**** Supplied data

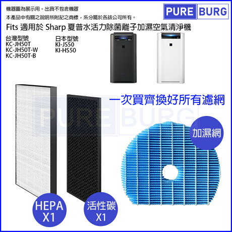 Hepa替換濾芯 活性碳組 加濕網適用 Sharp夏普kc Jh50t W Kc Jh51t W Ki Js50 Ki Hs50水活力空氣清淨機 Pureburg Rakuten樂天市場
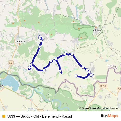 The first stop of the 5833 bus route is Siklós, autóbusz-állomás and the last stop is Kásád, forduló. 5833 (Siklós - Old - Beremend - Kásád) is operational during minden nap.
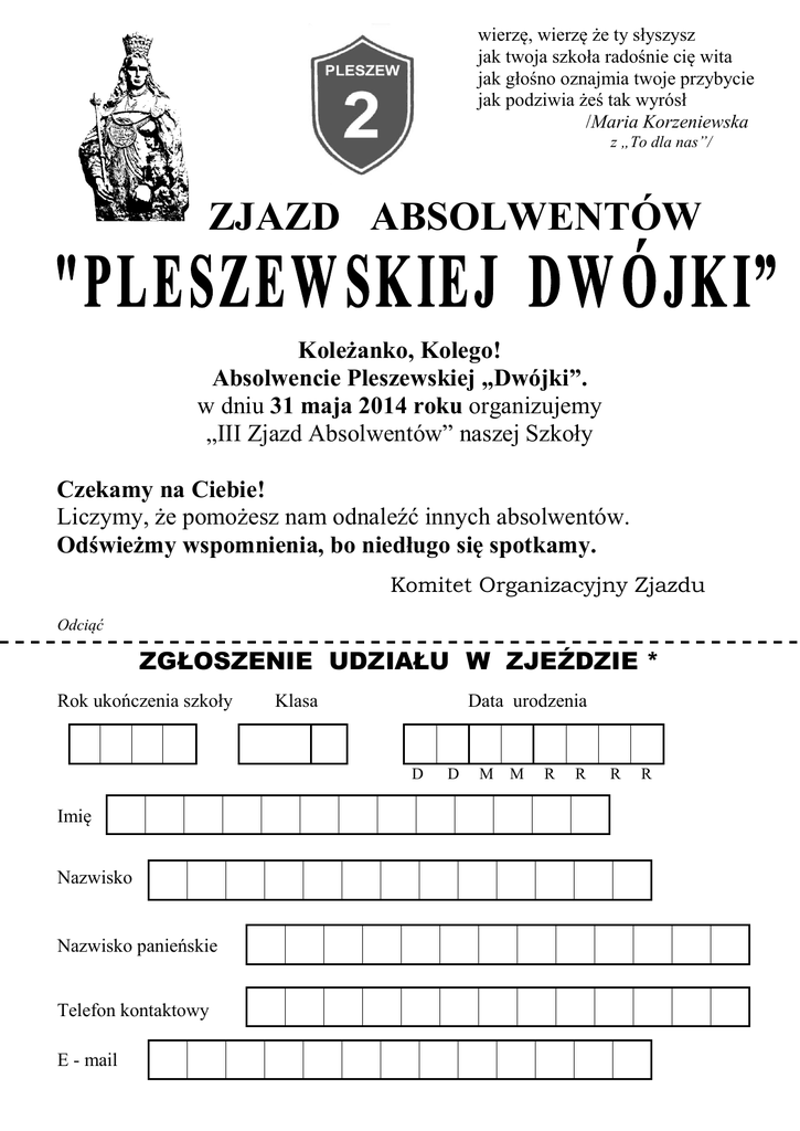 wierzę, wierzę że ty słyszysz jak twoja szkoła radośnie cię wita jak głośno oznajmia twoje przybycie jak podziwia żeś tak wyrósł /Maria Korzeniewska z „To dla nas”/ ZJAZD ABSOLWENTÓW Koleżanko, Kolego! Absolwencie Pleszewskiej „Dwójki”. w dniu 31 maja 2014 roku organizujemy „III Zjazd Absolwentów” naszej Szkoły Czekamy na Ciebie! Liczymy, że pomożesz nam odnaleźć innych absolwentów. Odświeżmy wspomnienia, bo niedługo się spotkamy. Komitet Organizacyjny Zjazdu Odciąć ZGŁOSZENIE UDZIAŁU W ZJEŹDZIE * Rok ukończenia szkoły Klasa Data urodzenia D Imię Nazwisko Nazwisko panieńskie Telefon kontaktowy E - mail D M M R R R R PROGRAM ZJAZDU Godz. 15.00 – Rejestracja uczestników zjazdu Godz. 16.00 – Msza Św. (teren szkoły) Godz. 16.30 – Otwarcie Zjazdu i występ uczniów "Pleszewskiej Dwójki" Godz. 17.00 – Zwiedzanie szkoły (tylko dla uczestników zjazdu) „Biesiada Królewska” – do rana (budynek szkolny) - spotkania koleżeńskie - poczęstunek (obiad, kolacja, zimny bufet, ciasto) - wspólna zabawa Całkowity koszt uczestnictwa w zjeździe wynosi 60 zł. - materiały zjazdowe (publikacja, znaczek, długopis) - poczęstunek Osoba towarzysząca 40 zł Wpłaty i zgłoszenia przyjmowane będą do dnia 15 maja 2014 roku w sekretariacie Zespołu Szkół Publicznych nr 2 w Pleszewie ul. Ogrodowa 2. Zgłoszenie można przesłać listownie na adres: Zespół Szkół Publicznych nr 2 ul. Ogrodowa 2 63-300 Pleszew wraz z kserokopią dowodu wpłaty 60 zł na konto: 80 8407 0003 0011 3481 2000 0001 w Banku Spółdzielczym w Pleszewie z dopiskiem „Zjazd”. Więcej informacji w sekretariacie Szkoły, pod numerem telefonu: (62) 7428 374 oraz na stronie internetowej www.dwojkapleszew.pl Adres zamieszkania Miejscowość Ulica Nr domu/nr lokalu / Kod pocztowy Poczta Wyrażam zgodę na przetwarzanie moich danych osobowych dla celów <<”Zjazdu absolwentów Pleszewskiej „Dwójki”>>. Oświadczam, że zostałem(łam) poinformowany(a) o dobrowolności podania danych osobowych oraz prawie wglądu do swoich danych i ich poprawiania. ………………………………………………………… / podpis uczestnika zjazdu/ * wypełnić drukowanymi literami

********

-- Task details --
Take the line with "The first stop" and each line after it through the end of the material above, and reproduce them exactly, without the pictures.

-- Answer for this exercise --
 The first stop of the 5833 bus route is Siklós, autóbusz-állomás and the last stop is Kásád, forduló. 5833 (Siklós - Old - Beremend - Kásád) is operational during minden nap.
 wierzę, wierzę że ty słyszysz jak twoja szkoła radośnie cię wita jak głośno oznajmia twoje przybycie jak podziwia żeś tak wyrósł /Maria Korzeniewska z „To dla nas”/ ZJAZD ABSOLWENTÓW Koleżanko, Kolego! Absolwencie Pleszewskiej „Dwójki”. w dniu 31 maja 2014 roku organizujemy „III Zjazd Absolwentów” naszej Szkoły Czekamy na Ciebie! Liczymy, że pomożesz nam odnaleźć innych absolwentów. Odświeżmy wspomnienia, bo niedługo się spotkamy. Komitet Organizacyjny Zjazdu Odciąć ZGŁOSZENIE UDZIAŁU W ZJEŹDZIE * Rok ukończenia szkoły Klasa Data urodzenia D Imię Nazwisko Nazwisko panieńskie Telefon kontaktowy E - mail D M M R R R R PROGRAM ZJAZDU Godz. 15.00 – Rejestracja uczestników zjazdu Godz. 16.00 – Msza Św. (teren szkoły) Godz. 16.30 – Otwarcie Zjazdu i występ uczniów "Pleszewskiej Dwójki" Godz. 17.00 – Zwiedzanie szkoły (tylko dla uczestników zjazdu) „Biesiada Królewska” – do rana (budynek szkolny) - spotkania koleżeńskie - poczęstunek (obiad, kolacja, zimny bufet, ciasto) - wspólna zabawa Całkowity koszt uczestnictwa w zjeździe wynosi 60 zł. - materiały zjazdowe (publikacja, znaczek, długopis) - poczęstunek Osoba towarzysząca 40 zł Wpłaty i zgłoszenia przyjmowane będą do dnia 15 maja 2014 roku w sekretariacie Zespołu Szkół Publicznych nr 2 w Pleszewie ul. Ogrodowa 2. Zgłoszenie można przesłać listownie na adres: Zespół Szkół Publicznych nr 2 ul. Ogrodowa 2 63-300 Pleszew wraz z kserokopią dowodu wpłaty 60 zł na konto: 80 8407 0003 0011 3481 2000 0001 w Banku Spółdzielczym w Pleszewie z dopiskiem „Zjazd”. Więcej informacji w sekretariacie Szkoły, pod numerem telefonu: (62) 7428 374 oraz na stronie internetowej www.dwojkapleszew.pl Adres zamieszkania Miejscowość Ulica Nr domu/nr lokalu / Kod pocztowy Poczta Wyrażam zgodę na przetwarzanie moich danych osobowych dla celów <<”Zjazdu absolwentów Pleszewskiej „Dwójki”>>. Oświadczam, że zostałem(łam) poinformowany(a) o dobrowolności podania danych osobowych oraz prawie wglądu do swoich danych i ich poprawiania. ………………………………………………………… / podpis uczestnika zjazdu/ * wypełnić drukowanymi literami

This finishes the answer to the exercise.